Stored entries:
..........
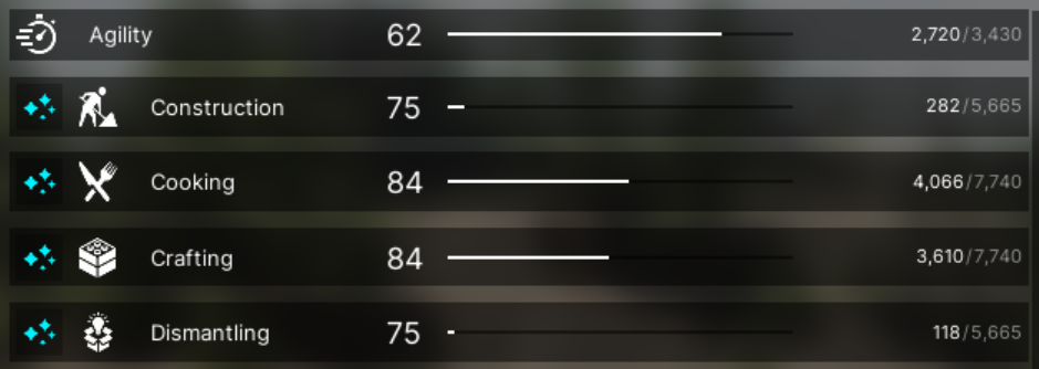 特に建築やクラフトでレベリングをするスキルにおいては、資源が潤沢にあるのであれば、当記事おすすめのものよりも高度な建築・クラフトをすることで効果を高めることができるので、自身の状況に合わせて選択してほしい。
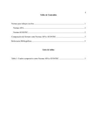 Este documento compara las normas APA e ICONTEC para trabajos escritos. Explica que las normas APA fueron creadas por la Asociación Americana de Psicología en 1929 y se especializan en citaciones, mientras que las normas ICONTEC son colombianas creadas en 1979. Luego, presenta una tabla comparativa que muestra las diferencias en formato entre ambas normas, incluyendo detalles sobre el tipo de papel, letra, márgenes, numeración, partes del trabajo y citaciones.
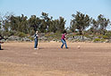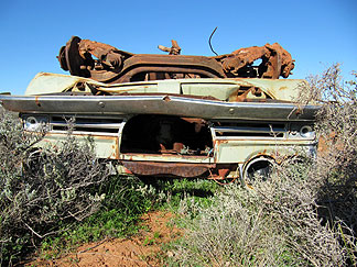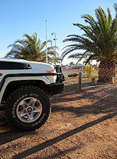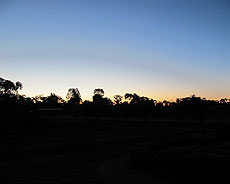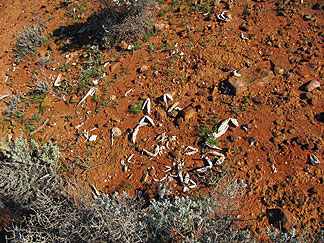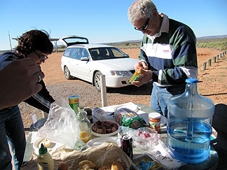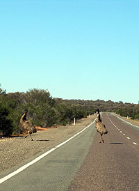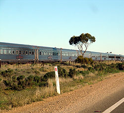 Parallel zur Straße verlaufen Eisenbahnschienen und wir sehen so- gar einen Zug darauf fahren. An sich bestimmt nichts Besonderes, aber als Carsten das Schild mit einem roten Kamel an der Seite der Waggons lesen kann, klärt er uns über die Bedeutung dieses berühmten Gefährts der Eisenbahngeschichte auf. Es ist der legen- däre The Ghan, welcher seinen Namen den afghanischen Kamel- führern verdankt, die lange Zeit vor der Motorisierung für die Trans- porte ins Landesinnere verantwortlich waren. Der Fernverkehrszug heißt offiziell The Afghanistan Express und mit fast 3000 Strecken- kilometern zählt er zu den längsten Eisenbahnlinien der Welt. Der Zug durchquert seit 2004 in einer fast 50 Stunden dauernden Fahrt den ganzen australischen Kontinent in Nord-Süd-Richtung und ver- bindet damit die Küstenstädte Adelaide und Darwin, immerhin eine Reise durch vier Klimazonen und über 22,5 Breitengrade hinweg. | ![]() |
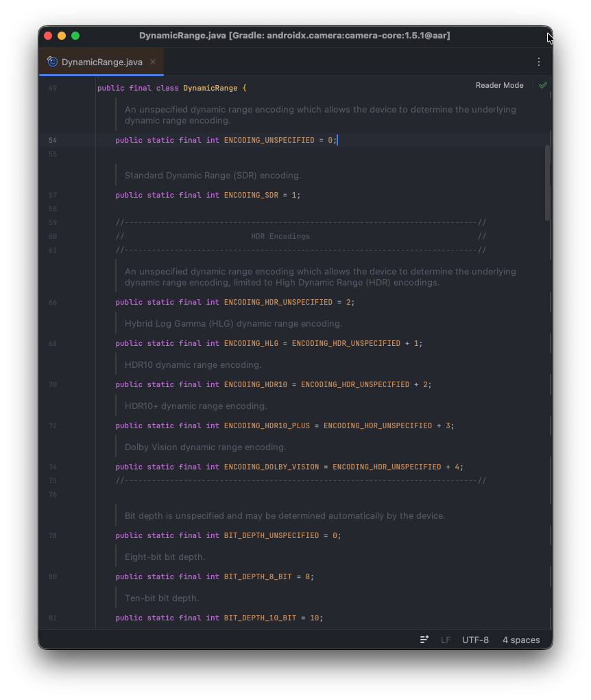 위에 목록에서 보았듯이, DynamicRange에는 UNSPECIFIED 라는 특수한 상수값이 존재합니다. 해당 상수는 다른 UseCase에 적용되어 있는 DynamicRange를 바탕으로 요구사항에 맞는 최적의
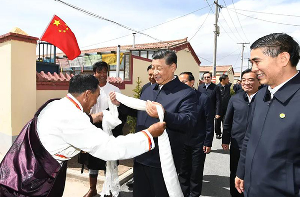 6月7日至9日,中共中央总书记、国家主席、中央军委主席习近平在青海考察。这是8日下午,习近平在海北藏族自治州刚察县沙柳河镇果洛藏贡麻村考察时,藏族牧民索南才让向习近平献上哈达。新华社记者 谢环驰 摄
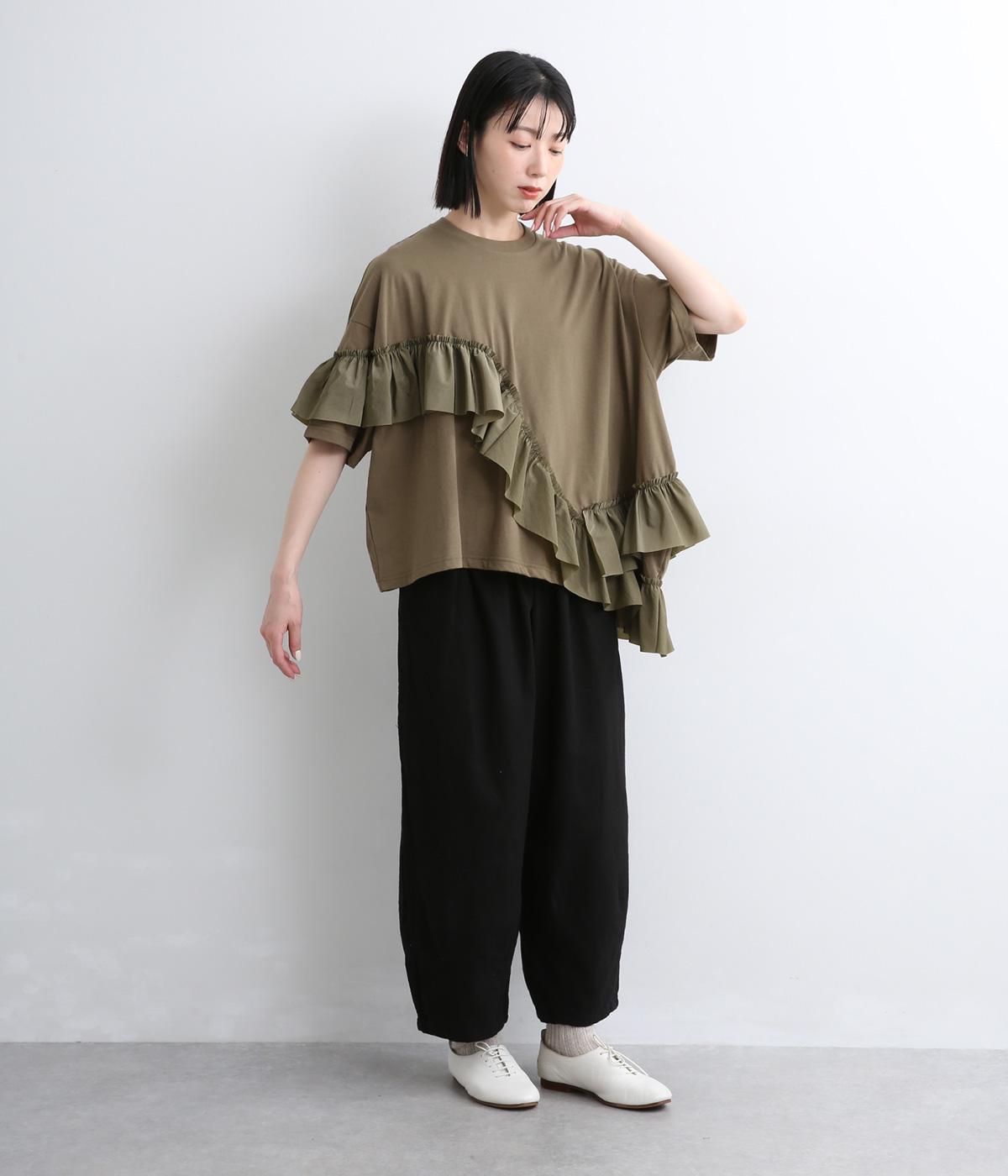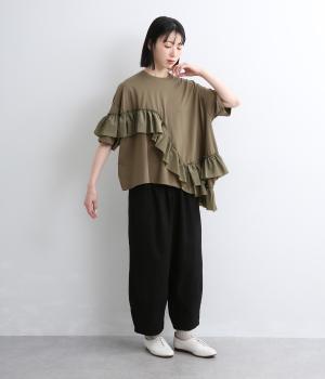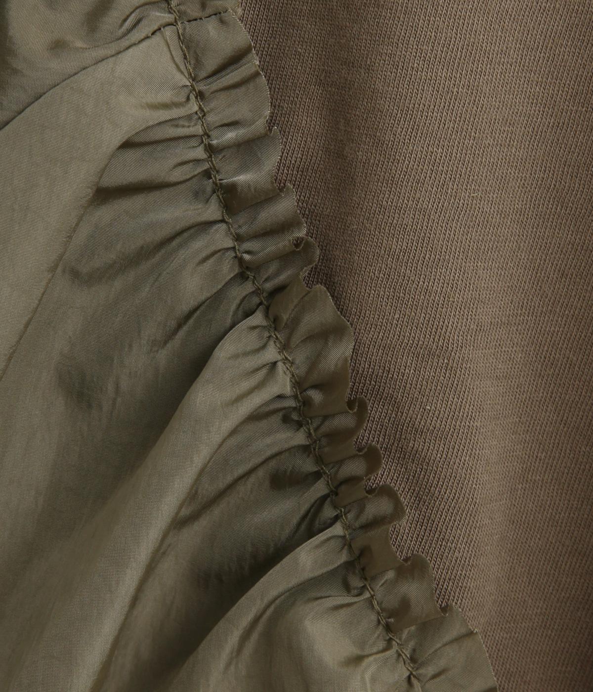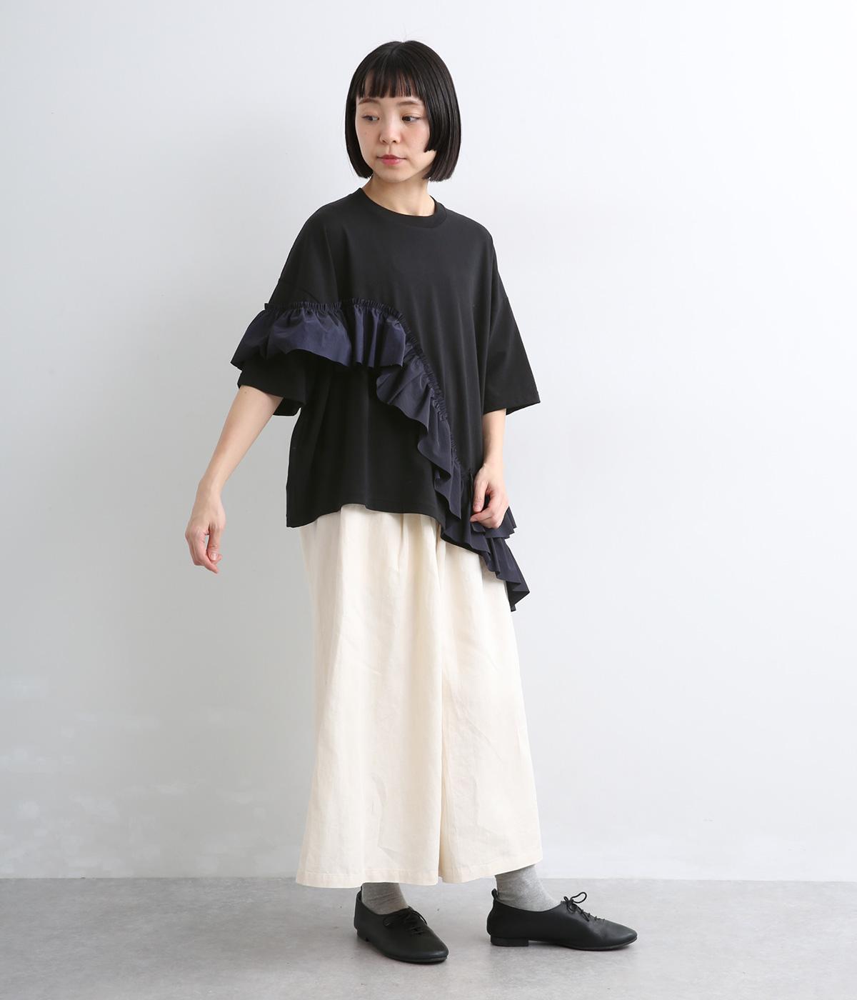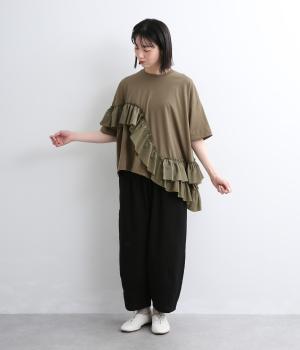 やわらかく肌触り抜群なコットン天竺をベースに使用しています。フリル部分にはシャリ感と光沢が特徴的なナイロンを配した異素材仕立てに。
..........
**Task instructions**
Set down exactly, and only, the lines from the one containing "위에 목록에서 보았듯이, DynamicRange에는" through the last line of the entries. Pictures do not belong in the copy.

**Finished exercise**
 위에 목록에서 보았듯이, DynamicRange에는 UNSPECIFIED 라는 특수한 상수값이 존재합니다. 해당 상수는 다른 UseCase에 적용되어 있는 DynamicRange를 바탕으로 요구사항에 맞는 최적의
 6月7日至9日,中共中央总书记、国家主席、中央军委主席习近平在青海考察。这是8日下午,习近平在海北藏族自治州刚察县沙柳河镇果洛藏贡麻村考察时,藏族牧民索南才让向习近平献上哈达。新华社记者 谢环驰 摄
 やわらかく肌触り抜群なコットン天竺をベースに使用しています。フリル部分にはシャリ感と光沢が特徴的なナイロンを配した異素材仕立てに。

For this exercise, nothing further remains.